No more disk space: How can I find what is taking up the space?
As always in Linux, there's more than one way to get the job done. However, if you need to do it from CLI, this is my preferred method:
I start by running this as root or with sudo:
du -cha --max-depth=1 / | grep -E "M|G"
The grep is to limit the returning lines to those which return with values in the Megabyte or Gigabyte range. If your disks are big enough, you could add |T
as well to include Terabyte amounts. You may get some errors on /proc
, /sys
, and/or /dev
since they are not real files on disk. However, it should still provide valid output for the rest of the directories in root. After you find the biggest ones you can then run the command inside of that directory in order to narrow your way down the culprit. So for example, if /var
was the biggest you could do it like this next:
du -cha --max-depth=1 /var | grep -E "M|G"

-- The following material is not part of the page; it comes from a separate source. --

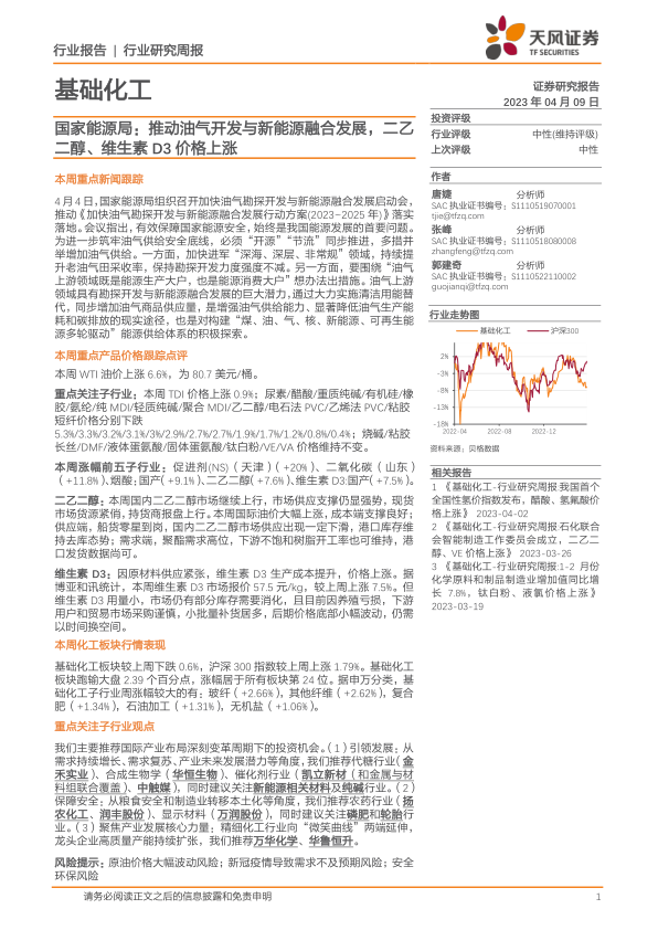 基础化工行业研究周报:国家能源局:推动油气开发与新能源融合发展,二乙二醇、维生素D3价格上涨

That should lead you to the problem children!
Additional Considerations
While the above command will certainly do the trick, I had some constructive criticism in the comments below that pointed out some things you could also include.
- The
grep
I provided could result in the occasional "K" value being returned if the name of the directory or file has a capital G or M. If you absolutely don't want any of the K valued directories showing up you'd want to up your regex game to be more creative and complex. e.g.grep -E "^[0-9\.]*[MG]"
-
If you know which drive is the issue and it has other mounted drives on top of it that you don't want to waste time including in your search, you could add the
-x
flag to yourdu
command. Man page description of that flag:-x, --one-file-system skip directories on different file systems
You can sort the output of the
du
command so that the highest value is at the bottom. Just append this to the end of the command:| sort -h
You can use ncdu
for this. It works very well.
sudo apt install ncdu
I use this command:
sudo du -aBM -d 1 . | sort -nr | head -20
Occasionally, I need to run it from the /
directory, as I've placed something in an odd location.
In case you are also interested in not using a command, here's an app: Filelight
It lets you quickly visualize what's using disk space in any folder.